Most of these best practices are familiar to Project Managers through the PMIs guidelines for effective meetings. But it requires a high-level of discipline, and if you have days where your diary is filled with meetings, then finding the time to achieve this level of discipline can be challenging.

Make It Easier To Do The Right Thing

To make it easier, we added Project Meeting support to Pipeline. We listened to customers and realised that they use a variety of tools to set-up meetings, handle invitations, allocate meeting rooms, and setup teleconference bridge details and so forth. So our first goal was not to re-invent those tools, attempt to obsolete them, or integrate with them all. But rather to provide a single place where all the artifacts of the meeting could reside.

If you use Outlook to manage your meetings, then when you create the meeting, you simply add a link to your project’s meeting page in your Outlook calendar entry — just as you might add a Google Hangout link, or a Webex link.

Add agenda items for your meeting. Each item has a Note field associated with it that lets you capture notes for a specific agenda item.

Add the attendees for the meeting. Each attendee has an associated profile that you can use to help better understand the attendees. This means that even if you’re meeting virtually with colleagues that you’ve never interacted with before in person, you’ll feel better prepared, and have icebreaker topics for a conversation.

In the meeting description, let people know the purpose of the meeting. If there are decisions to be made, add them to the Decisions section of the meeting.

Add all of the documents that you want people to review. You can either add a link from your document management system, or if you don’t have one, use PIpeline’s built-in cloud file system. It uses a secure Google Drive that’s only accessible by your company. Check the “Pre-Reading” tick box to let the attendees know that they need to prepare for the meeting by doing the pre-reading.

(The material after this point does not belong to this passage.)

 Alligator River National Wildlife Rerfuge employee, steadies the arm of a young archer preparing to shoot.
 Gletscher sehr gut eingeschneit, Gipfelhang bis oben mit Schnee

During the meeting, work your way through the agenda items. Use the Notes feature to capture information on the agenda item. If, during the course of the meeting, you diverge from the agenda, add a Discussion Item and capture the information.

Identify action items during the meeting and assign them as you go. They’ll show up immediately in the project tasks page, and in the task list of the person to whom they’re assigned. If you identify any risks or issues during the meeting, you can quickly capture them. They’re automatically added to your project so you can follow up on them later.

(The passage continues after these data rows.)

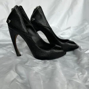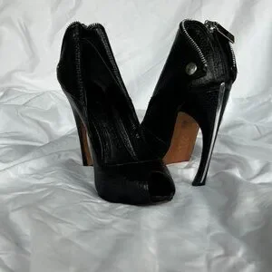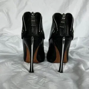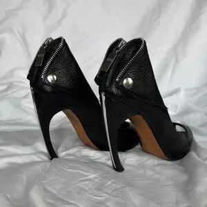 ALEXANDER MCQUEEN Faithful black leather zip biker peeptoe bootie EU37
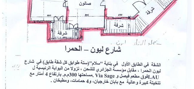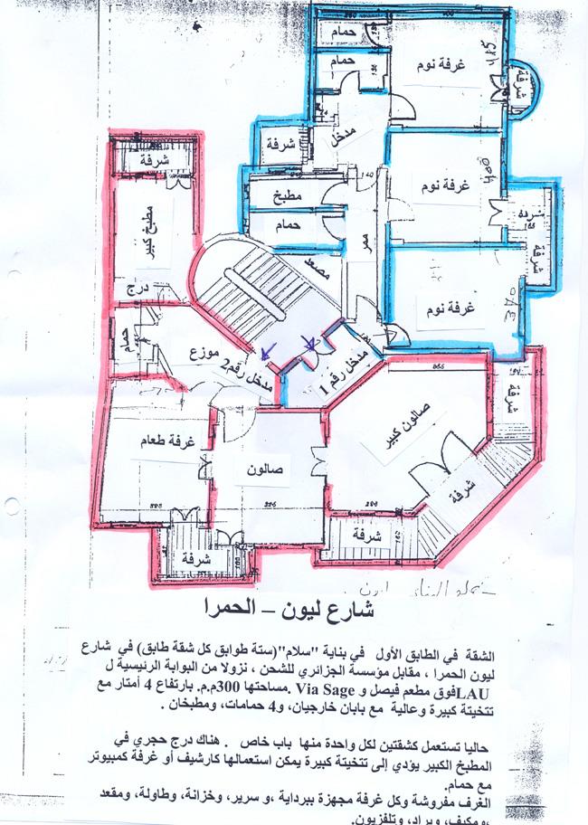 Apartment in Lion st. Hamra area , first floor, registered 240sq.meter which works for both residential and commercial potential buyers could use it as a doctor's clinic , Salon hair dressing , accounting ,or any company . It could be very good for both commercial and residential .
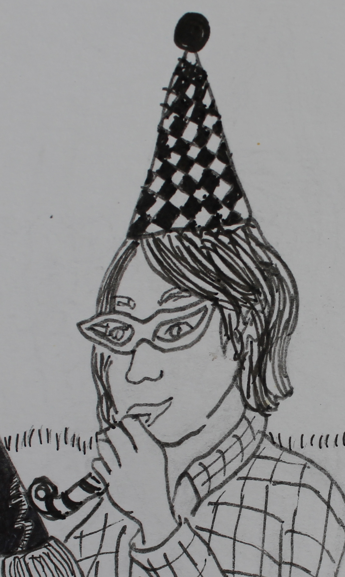 My favorite things about this drawing are the “Santa’s elf” photographer, Santa’s little log cabin set up, and my friend Stashia and her daughter Avi meeting Santa,
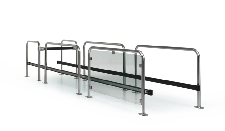 Med denne meget stabile konstruktion af rustfrit stål kan bagagetransportvogne anvendes indendørs eller udendørs, hvor pladsen er trang. Anlæggene tilpasses i længden efter kundens ønsker og kan leveres i en eller flere rækker. Vognene styres til siden.

Remember, meetings are a team effort, and this means everyone on the team can capture and share meeting information in real-time using Pipeline’s real-time database. Everyone on the team is engaged in the meeting process, the onus doesn’t just fall on one person to take notes, and manage action items.

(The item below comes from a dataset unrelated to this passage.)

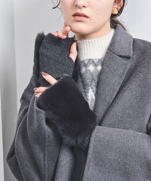 定番人気のレッキスラビットファーとニットコンビのフィンガーレスグローブ
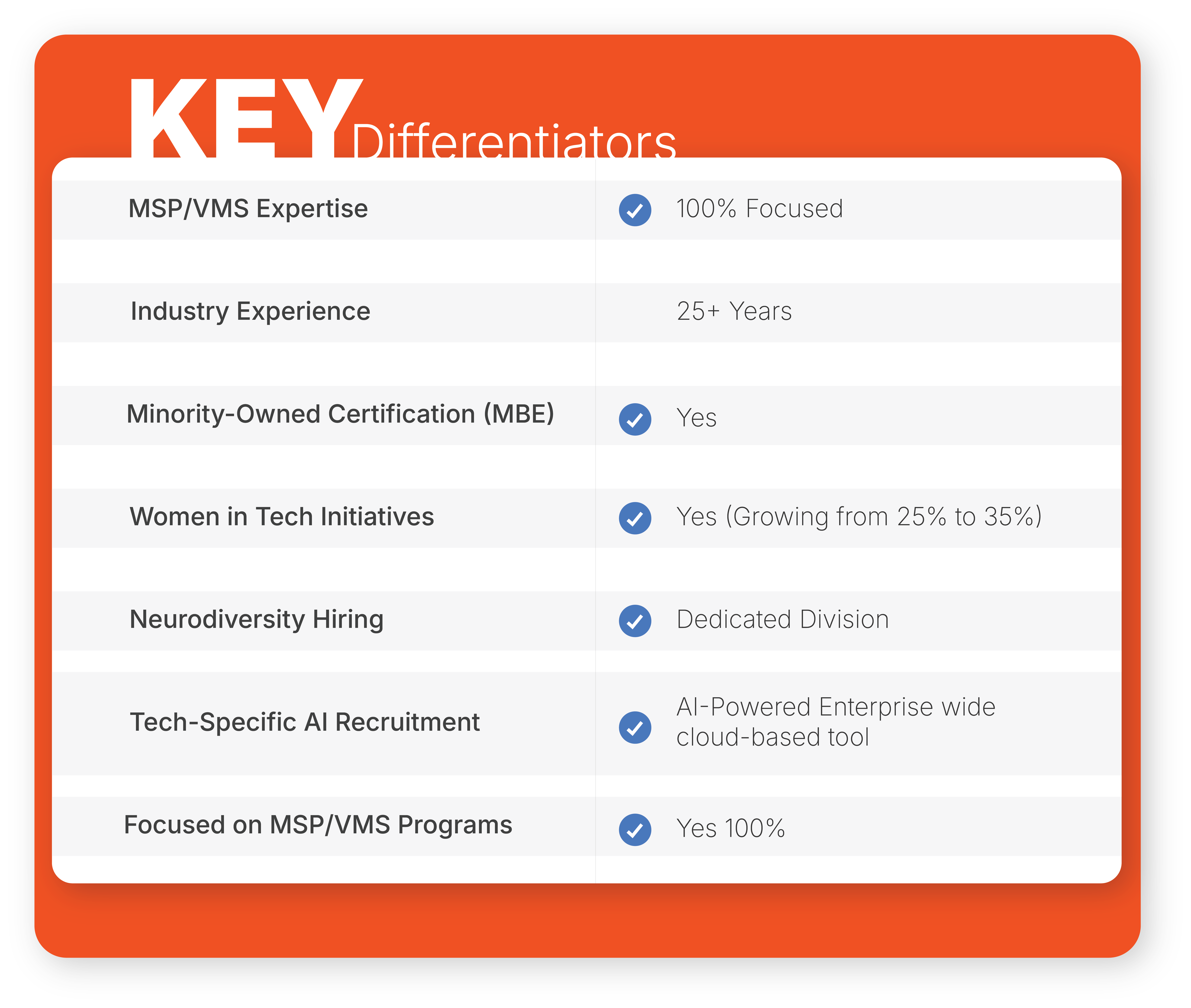 We specialize in IT, healthcare, financial services, banking, insurance, engineering, and telecom staffing, ensuring that our clients have access to top-tier talent in their respective industries. As a 100% MSP/VMS-focused firm, we streamline hiring processes, ensuring fast deployment, compliance adherence, and seamless workforce integration. Our AI-powered recruitment technology, coupled with dedicated Account Managers, ensures a personalized and efficient hiring experience, helping clients optimize workforce performance, reduce hiring time, and achieve long-term staffing success.

And since Pipeline is a mobile-first web application it means that you don’t have to have your laptop with you to participate in the meeting. You can easily add Pipeline to your phone or tablet, by browsing to the site and tapping “Add To Home Screen”.

Moreover, the tangible benefits to the team are shorter, more focused meetings where team members have everything they need to prepare for a meeting. No more being blindsided by meeting prep information buried in an email. Everything that you need for the meeting is in one place and attached to your meeting notification.

Need Help Getting Started?

To find out more about what Pipeline, and what we can do for your research organisation, contact us.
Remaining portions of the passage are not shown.